Avec le drapeau ukrainien flottant au-dessus de la tête, le site a été transformé en une sorte d’installation d’art en plein air mettant en vedette les peintures de Marquez, les rangées de croix en bois et plusieurs panneaux faits à la main portant des messages de paix. Une collection d’équipements militaires russes retrouvés abandonnés dans une ville voisine est également exposée.
Le président Volodymyr Zelensky a annoncé des plans pour la construction d’un monument national sur le pont, commémorant tous ceux qui ont bravé le voyage.
Marquez a déclaré qu’il serait ravi si ses peintures étaient incorporées dans la conception finale. “J’espère qu’ils les laisseront là-bas dans le cadre du mémorial, mais je ne sais pas exactement”, a-t-il déclaré. “Quoi qu’ils fassent, ça me va.”

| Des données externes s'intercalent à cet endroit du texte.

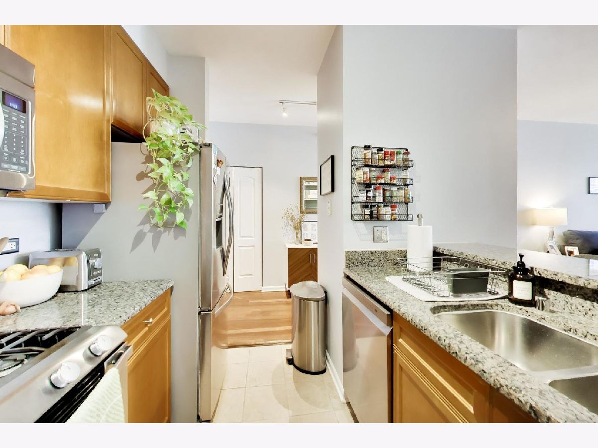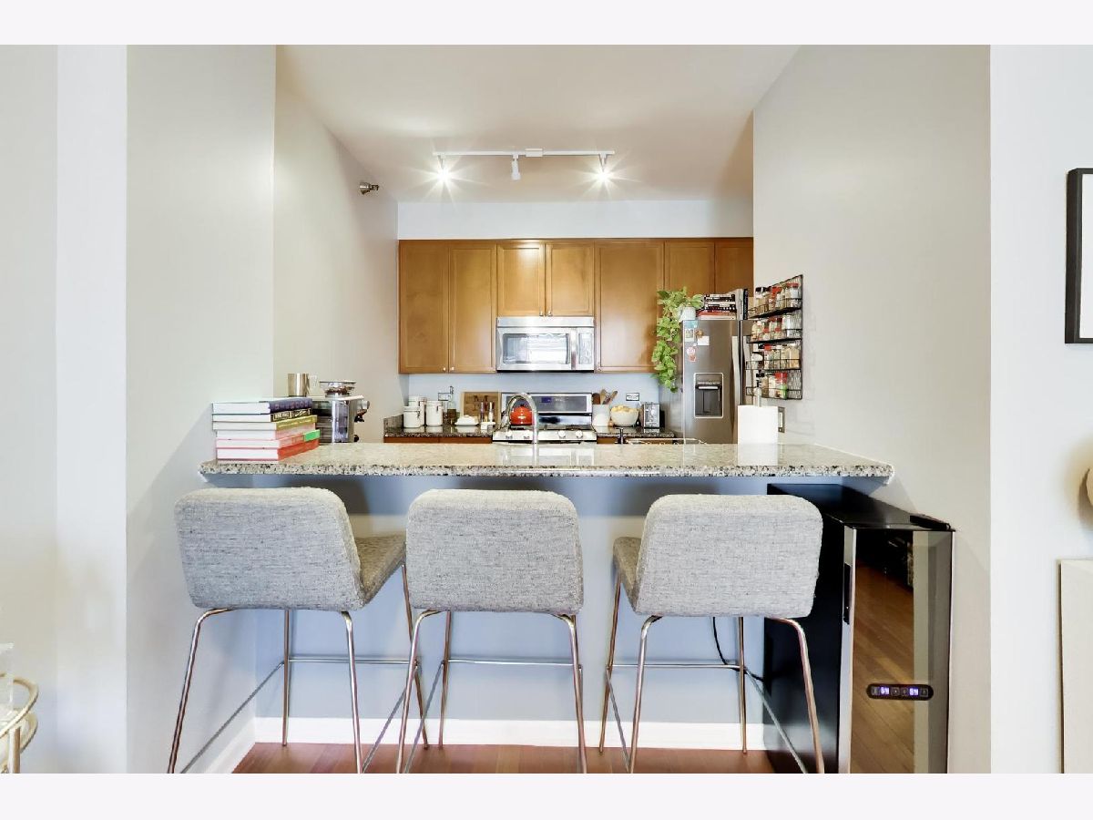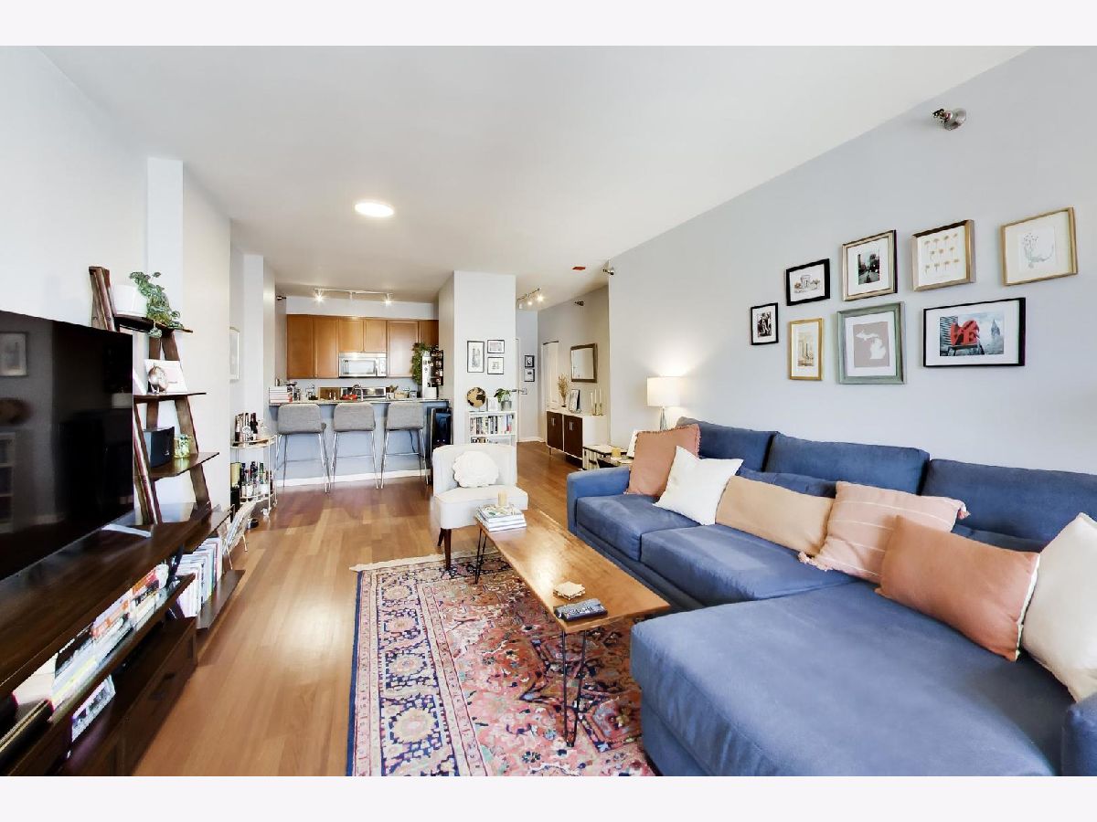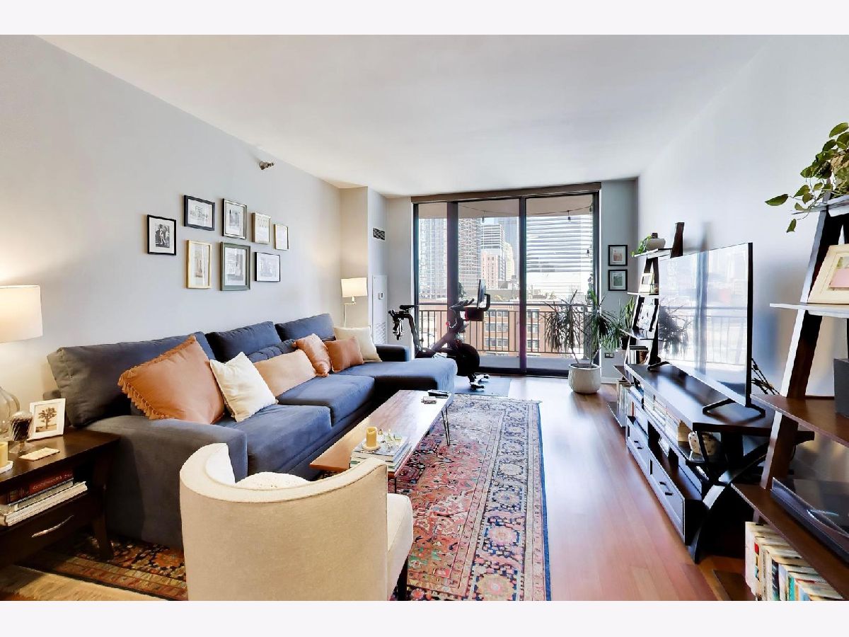 Bright & updated 1 Bedroom/1 Bath features a spacious living area that opens up to a large private balcony with east facing views. Bedroom offers 2 large organized closets. Bathroom has a linen closet and soaking tub. In-unit W/D. Full-Amenity Building. Assessment includes virtually everything except electricity: Parking, Heat/AC, Cable, High Speed Internet, Exercise Room, 24-HOUR door staff. Walk to everything on Randolph, Riverwalk, Parks, Whole Foods, Marianos, Starbucks, East Bank Club, SOHO House, METRA/CTA Blue, Green, Pink lines & Highways.

La guerre fait toujours rage dans de larges pans de l’Ukraine, et de nombreux civils fuient maintenant le conflit dans l’est et le sud. Mais, pour le moment, le calme est revenu dans la capitale et sa banlieue.
Tout ce qui reste du pont sont deux blocs de béton géants avec des brins de barres d’armature en saillie. Une travée provisoire permet le passage de la circulation. Une fourgonnette blanche renversée est toujours assise au bord de la rivière. Il y a peu de piétons de nos jours.